Juul- Introduction
The article, “Introduction” by Juul, discusses video games. He begins by discussing how video games are in a sense half-real. This is because video games are real in that they consist of real rules, and winning or losing the game is a real event. They are not real however, in that the player wins by slaying a dragon, and a dragon is not real but fictional. Juul discusses how this interaction between real and non-real worlds makes for an interesting game because the player has to follow real rules by also creating a fictional setting.
Juul then discusses the history of the video game. The very first video game was “Spacewar!” He discusses that instead of asking whether video games are old or new, but how video games are games, and what characteristics they take from non-electronic games, and how they are different from traditional game forms.
Juul uses one section to describe video games as rules. He says that rules provide the player with challenges. He talks about Emergence, which is the primordial game structure, where a game is specified as a small number of rules that combine and yield large numbers of game variations, each one requiring the players to design different strategies. Juul then talks about progression, which is the historically newer structure of video games in which the player has to perform predefined actions in order to complete each level or task.
Juul describes that a game consists of 6 basic things; 1) a rule-based formal system, 2) with variable and quantifiable outcomes, 3) where different outcomes are assigned different values, 4) where the player exerts effort in order to influence the outcome, 5) the player feels emotionally attached to the outcome, and 6) the consequences of the activity are optional and negotiable.

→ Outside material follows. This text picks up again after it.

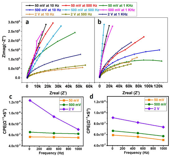 After incubating the exosome on the SPE, detailed experiments were performed to lyse the exosomes with different voltages (50 mV, 500 mV, and 2 V) and frequencies (10 Hz, 500 Hz, and 1 KHz). The exosome lysate solution was incubated with the SPE functionalized with anti-HSP70 protein for 30 min at 4 °C, and finally, after washing, the buffer was replaced with SPB, and EIS readings were taken. Figure 5a,b correspond to the Nyquist plots, for sine and square waves, which were fit using the Randles circuit, and the corresponding CPEs were plotted against the frequency in Figure 5c,d. The values are summarized in Table 1.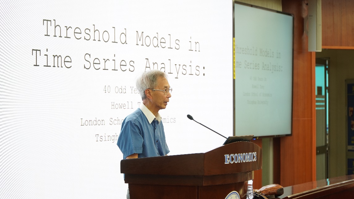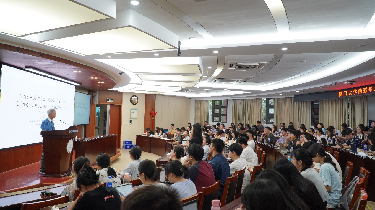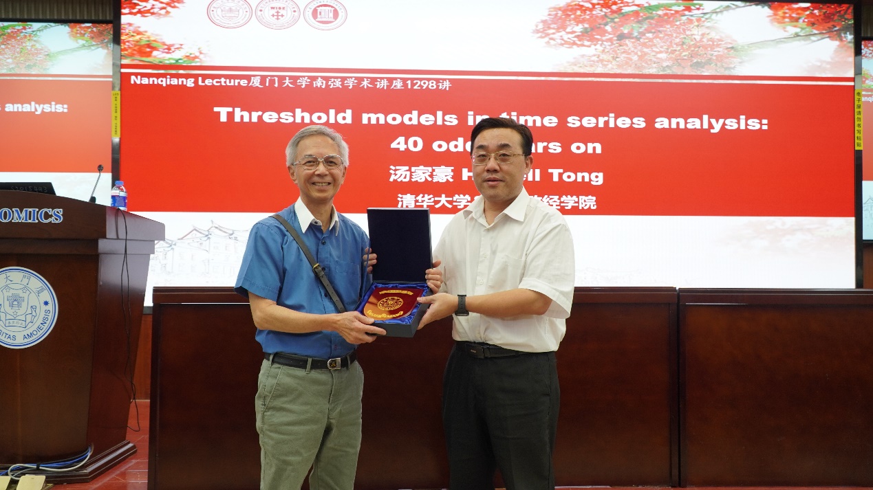 10月23日下午,清华大学杰出访问教授、英国伦敦政治经济学院荣休教授汤家豪(Howell Tong)莅临厦门大学经济学科,为同学们带来了一场题为“Threshold models in time series analysis: 40 odd years on”的厦门大学南强学术讲座。讲座由王亚南经济研究院、经济学院李木易教授主持,讲座开始前,经济学院、王亚南经济研究院院长周颖刚教授向汤家豪教授赠送了“厦门大学南强学术讲座”纪念牌。

This made me think back to the class discussion we had about Myst. Myst was the first major video game to become very popular in the US. This videogame is a clear example of how the player must follow certain rules in order to complete levels, eventually getting to the end of the game. Also, it proves that each player can have a completely different experience while playing the exact same game, and that depending upon which rules you follow, the end results of the game can be totally different.